Dataset records START
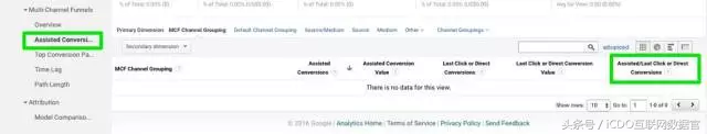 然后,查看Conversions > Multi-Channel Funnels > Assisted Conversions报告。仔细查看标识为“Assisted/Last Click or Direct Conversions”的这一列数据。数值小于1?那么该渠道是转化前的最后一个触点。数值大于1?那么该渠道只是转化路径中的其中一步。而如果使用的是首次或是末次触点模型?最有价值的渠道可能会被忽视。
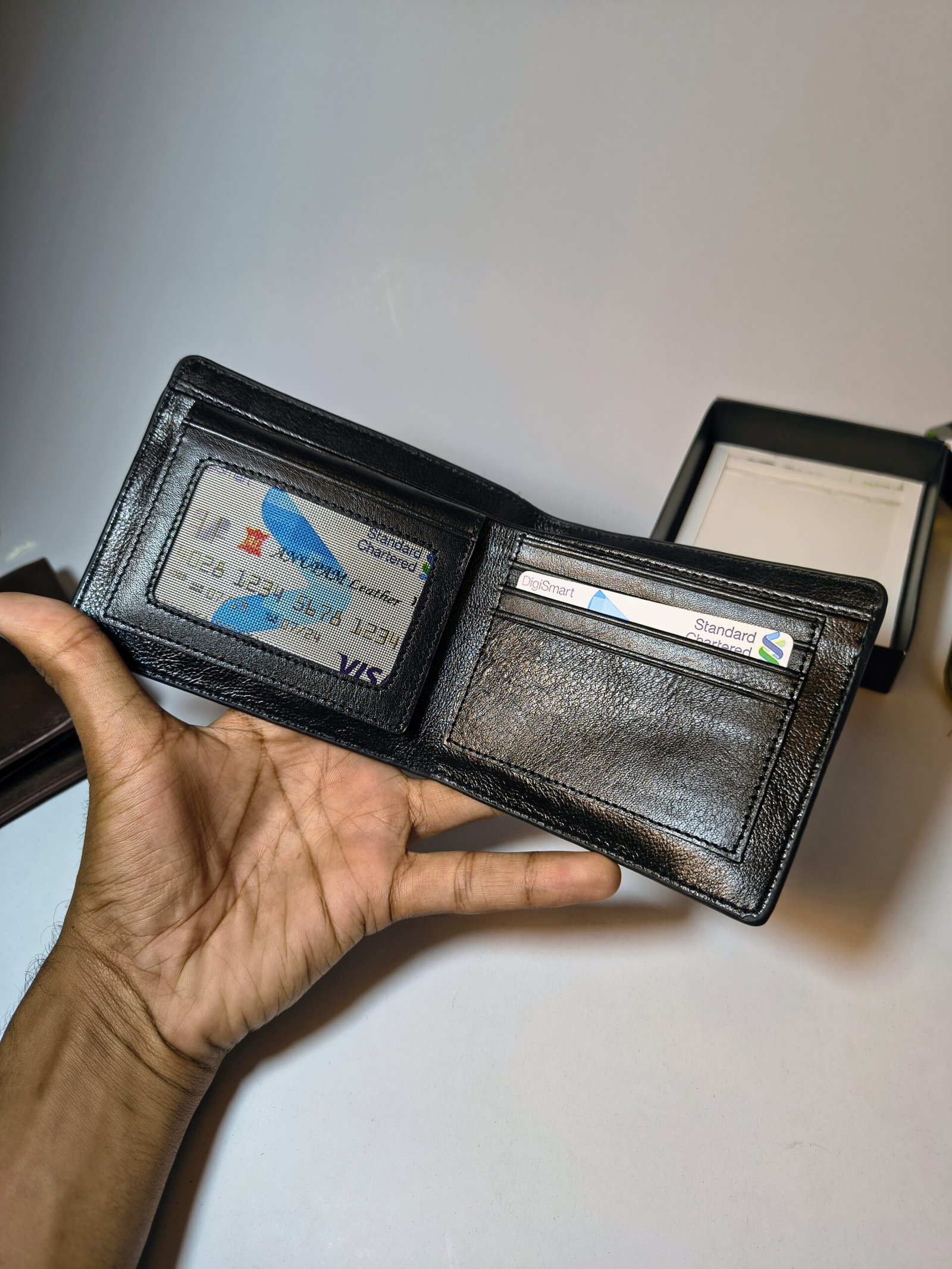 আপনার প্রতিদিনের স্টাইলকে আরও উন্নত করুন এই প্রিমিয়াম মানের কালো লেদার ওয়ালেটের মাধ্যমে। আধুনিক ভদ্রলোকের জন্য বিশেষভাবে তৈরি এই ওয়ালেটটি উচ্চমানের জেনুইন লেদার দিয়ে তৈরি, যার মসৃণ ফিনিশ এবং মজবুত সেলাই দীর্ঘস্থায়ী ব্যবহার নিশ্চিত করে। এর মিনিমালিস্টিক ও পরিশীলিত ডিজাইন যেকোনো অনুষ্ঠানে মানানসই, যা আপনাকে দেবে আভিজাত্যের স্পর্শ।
Dataset records END
Dataset records START
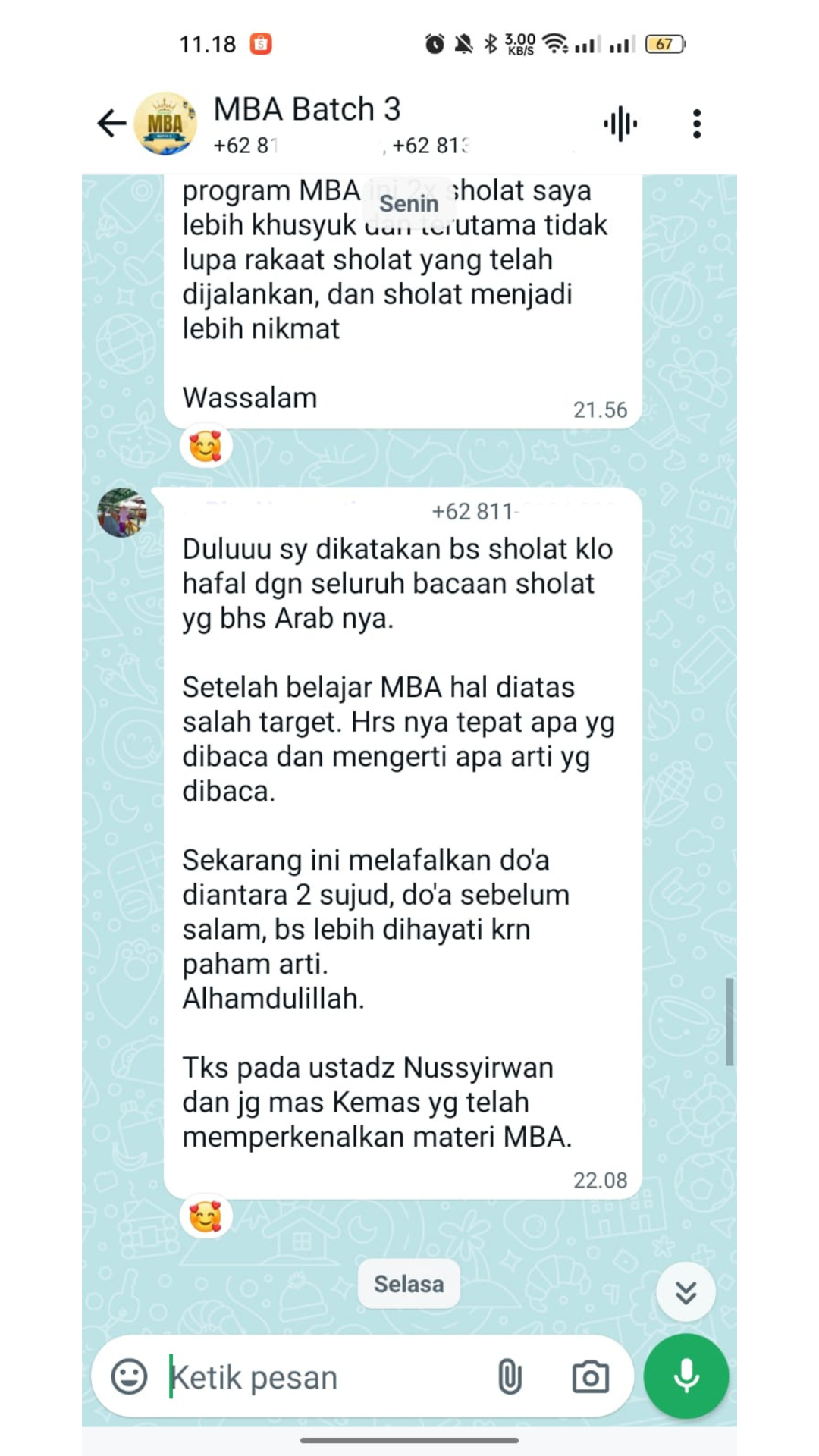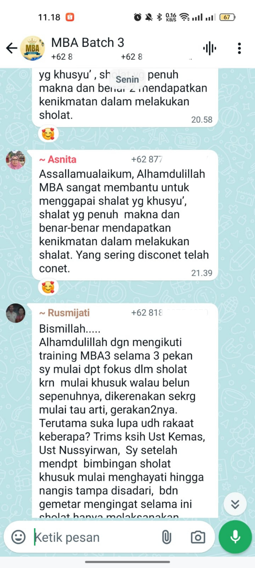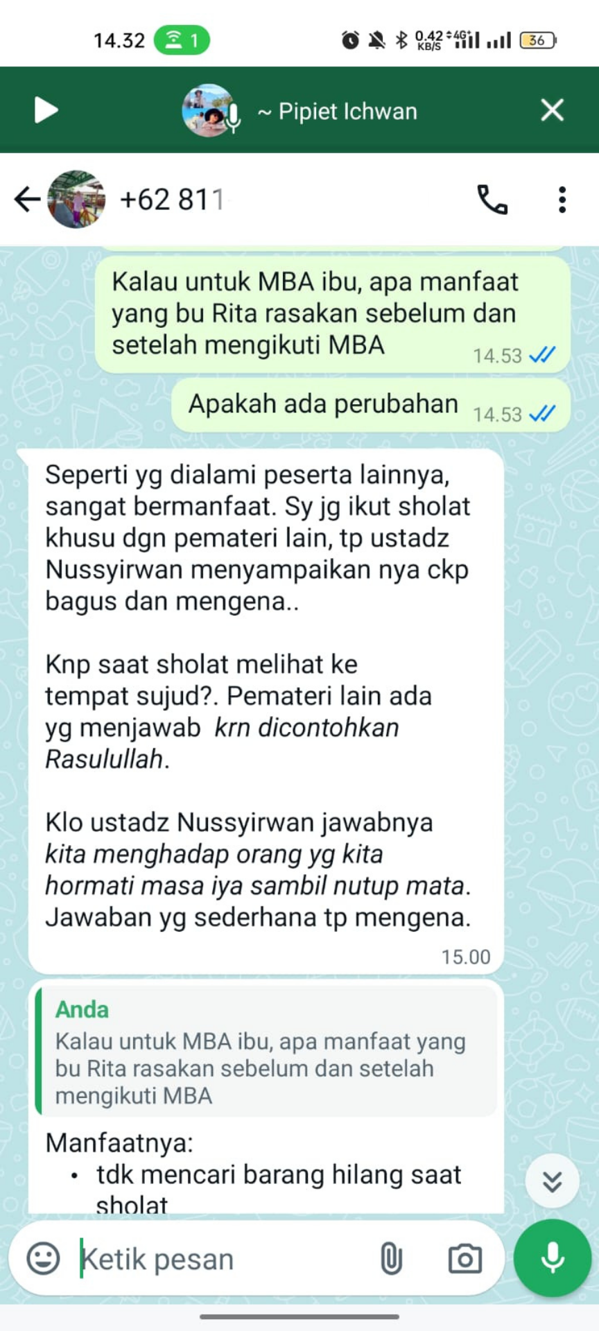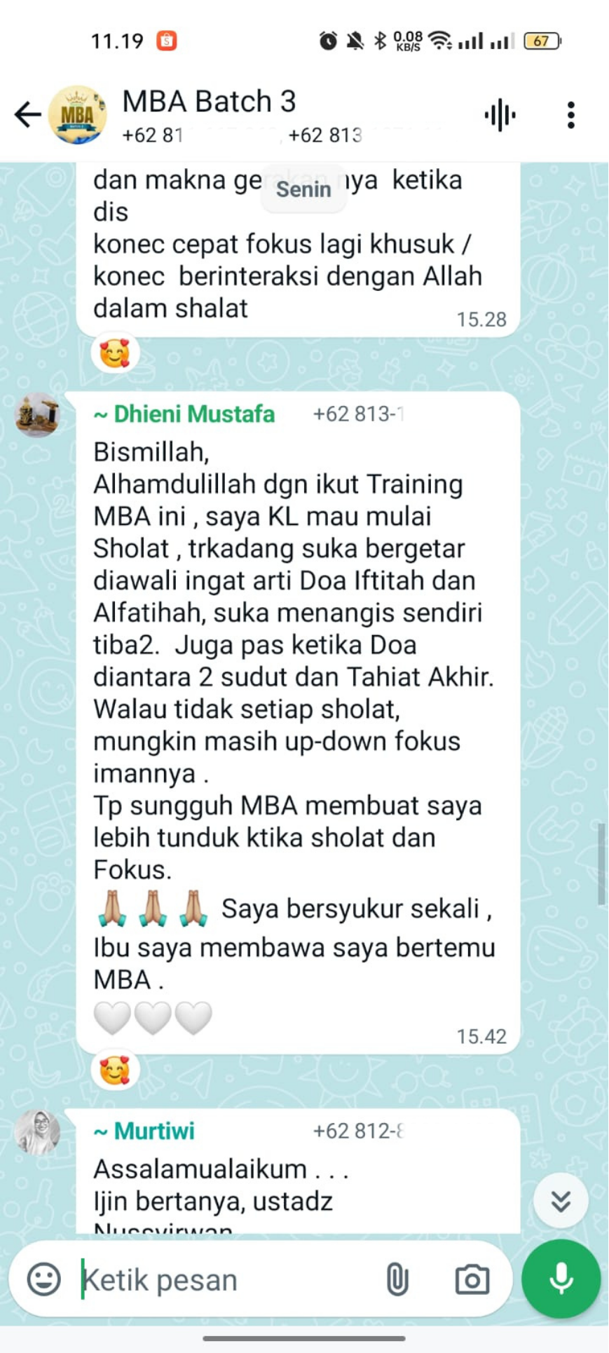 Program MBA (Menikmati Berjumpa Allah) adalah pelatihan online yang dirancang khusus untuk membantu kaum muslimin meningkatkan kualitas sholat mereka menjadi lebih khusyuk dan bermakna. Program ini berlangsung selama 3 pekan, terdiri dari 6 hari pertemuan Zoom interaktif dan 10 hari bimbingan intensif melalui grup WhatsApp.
Dataset records END
Set the pictures aside and reproduce exactly the lines above, from the line holding "然后,查看Conversions > Multi-Channel" through the line holding "আপনার প্রতিদিনের স্টাইলকে", both included, with nothing else.

*Finished exercise*:
 然后,查看Conversions > Multi-Channel Funnels > Assisted Conversions报告。仔细查看标识为“Assisted/Last Click or Direct Conversions”的这一列数据。数值小于1?那么该渠道是转化前的最后一个触点。数值大于1?那么该渠道只是转化路径中的其中一步。而如果使用的是首次或是末次触点模型?最有价值的渠道可能会被忽视。
 আপনার প্রতিদিনের স্টাইলকে আরও উন্নত করুন এই প্রিমিয়াম মানের কালো লেদার ওয়ালেটের মাধ্যমে। আধুনিক ভদ্রলোকের জন্য বিশেষভাবে তৈরি এই ওয়ালেটটি উচ্চমানের জেনুইন লেদার দিয়ে তৈরি, যার মসৃণ ফিনিশ এবং মজবুত সেলাই দীর্ঘস্থায়ী ব্যবহার নিশ্চিত করে। এর মিনিমালিস্টিক ও পরিশীলিত ডিজাইন যেকোনো অনুষ্ঠানে মানানসই, যা আপনাকে দেবে আভিজাত্যের স্পর্শ।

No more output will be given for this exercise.